*** DATA FOR REVIEW Section Begins ***

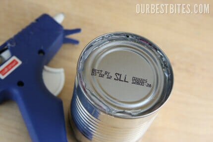 Step 4: Use hot glue to reattach the bottom of the can. If you use the safety can opener, this part is simple, and it takes very little glue. If you use a traditional can opener, like I did in these photos, it isn’t hard, but it’s a little tricky. I find it easiest to bend the lid back down flat and then fill in the open space with glue. This is why the tissue paper is there- to catch the glue that goes through so it doesn’t end up stuck to the treats.
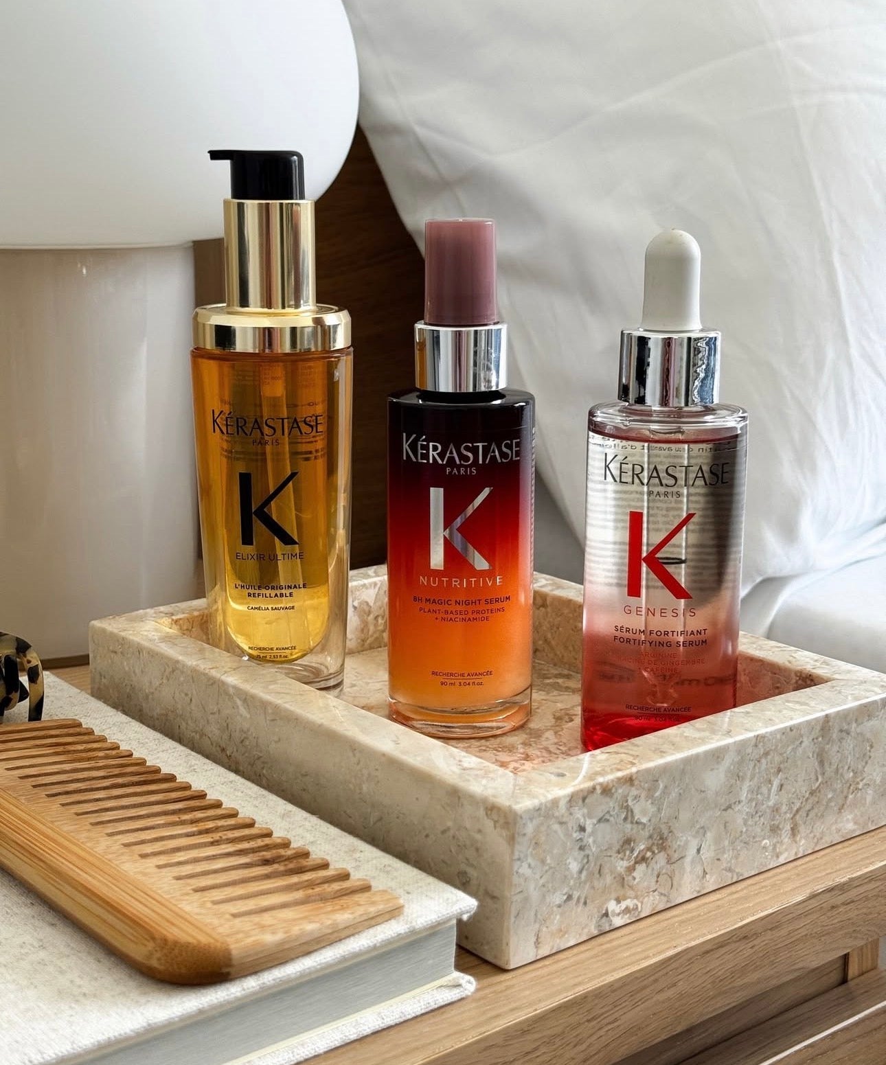- Aplica Kérastase Sérum Nutritive 8H Magic Night para hidratar y suavizar durante la noche.
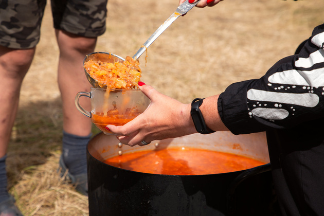 Нам удалось попробовать обеденного борща, приготовленного на костре. С поджаренными ломтями черного хлеба, натертыми чесноком. Очень вкусно! Тем, у кого хороший аппетит, предлагают добавки.
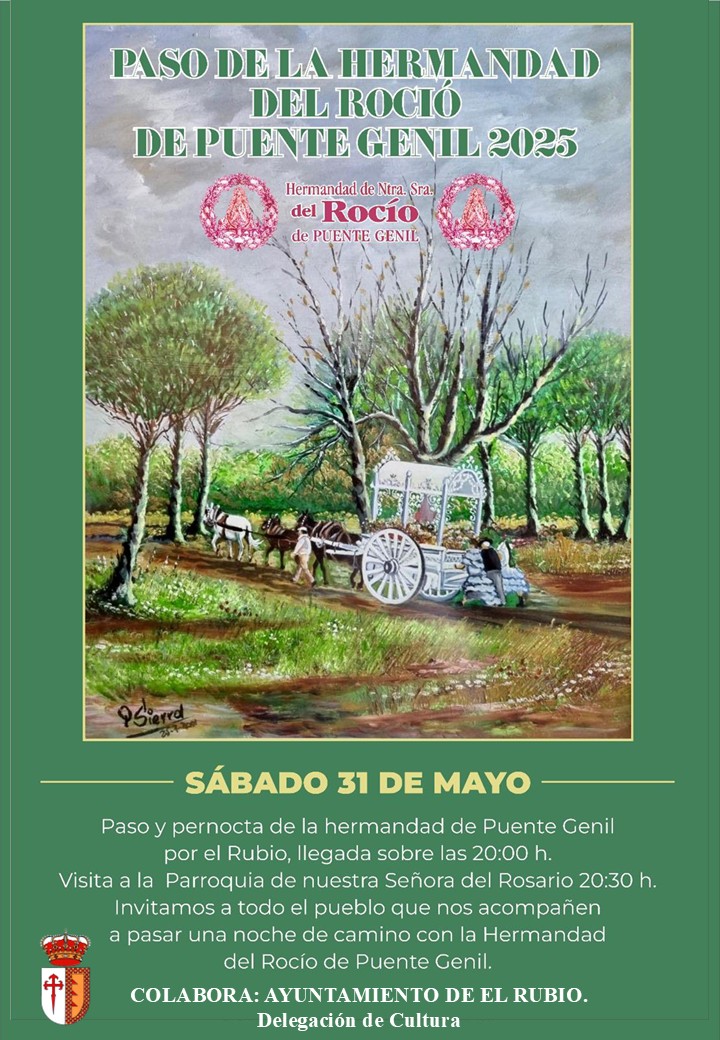 con motivo de su anual Peregrinación de Pentecostés hacia el Santuario del Rocío, les invita a acompañar al simpecado de nuestra Hermandad , a su paso por el pueblo de El Rubio.
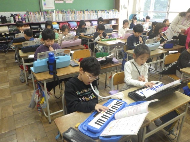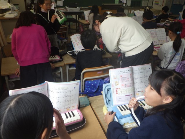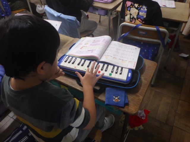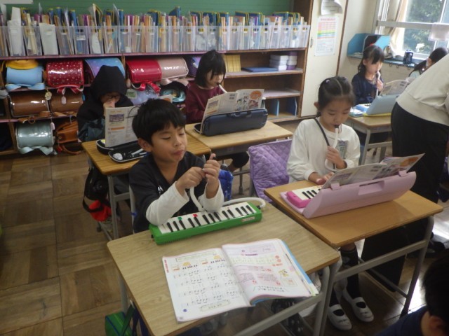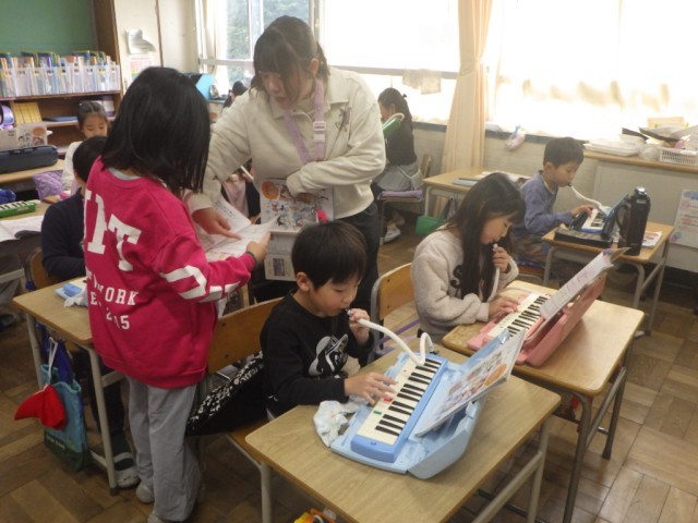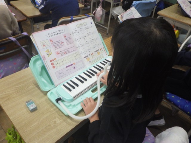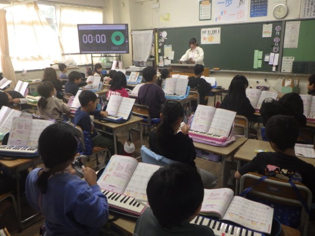「拍にのって楽しく合奏しましょう」の様子です。鍵盤ハーモニカを使って、指づかいに気をつけながら演奏を楽しみました。
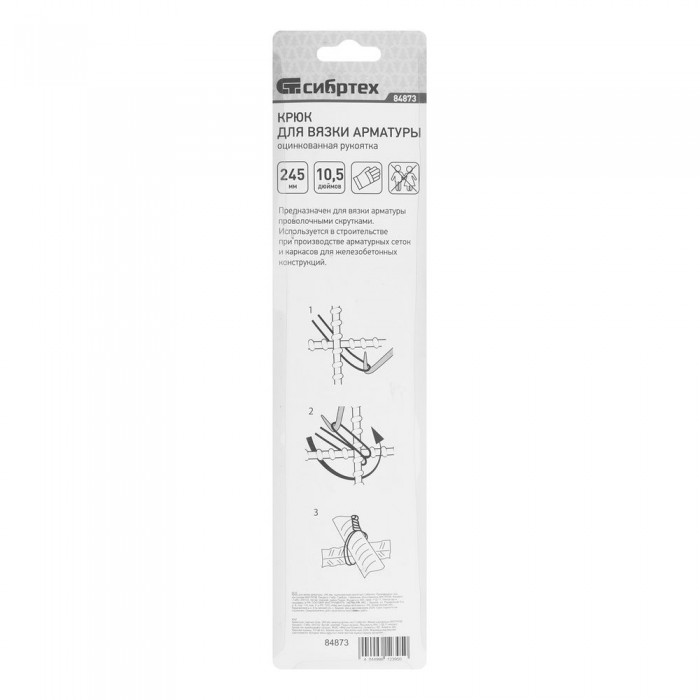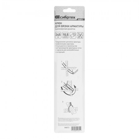 Крюк для вязки арматуры, 245 мм, оцинкованная рукоятка Сибртех (84873)
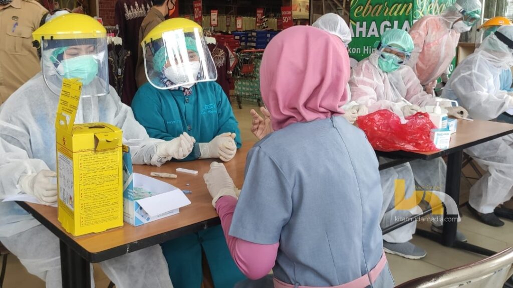 KLAUSANEWS, Bontang – Rapid massal juga menyasar pusat perbelanjaan Ramayana, Selasa (19/5/2020). Petugas yang menggunakan APD disiagakan di pintu masuk, didampingi sejumlah aparat Satpol PP, polisi dan TNI.
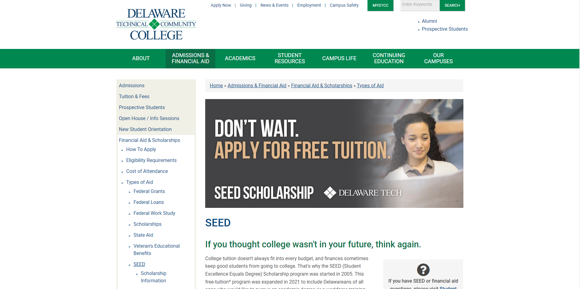 Seeds Scholarship Link : SEED | Delaware Technical Community College (dtcc.edu)
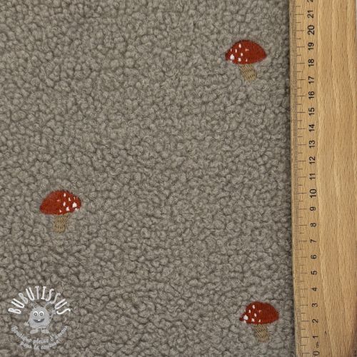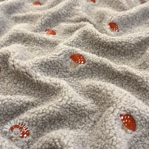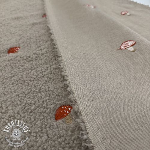 Tissu de manteau EMBROIDERY Little mushrooms pebble

*** DATA FOR REVIEW Section Ends ***

Write out, word for word, the stretch of entries that begins at the line with "Нам удалось попробовать" and ends at the line with "Крюк для вязки". Pictures do not belong in it.

 Нам удалось попробовать обеденного борща, приготовленного на костре. С поджаренными ломтями черного хлеба, натертыми чесноком. Очень вкусно! Тем, у кого хороший аппетит, предлагают добавки.
 con motivo de su anual Peregrinación de Pentecostés hacia el Santuario del Rocío, les invita a acompañar al simpecado de nuestra Hermandad , a su paso por el pueblo de El Rubio.
「拍にのって楽しく合奏しましょう」の様子です。鍵盤ハーモニカを使って、指づかいに気をつけながら演奏を楽しみました。
 Крюк для вязки арматуры, 245 мм, оцинкованная рукоятка Сибртех (84873)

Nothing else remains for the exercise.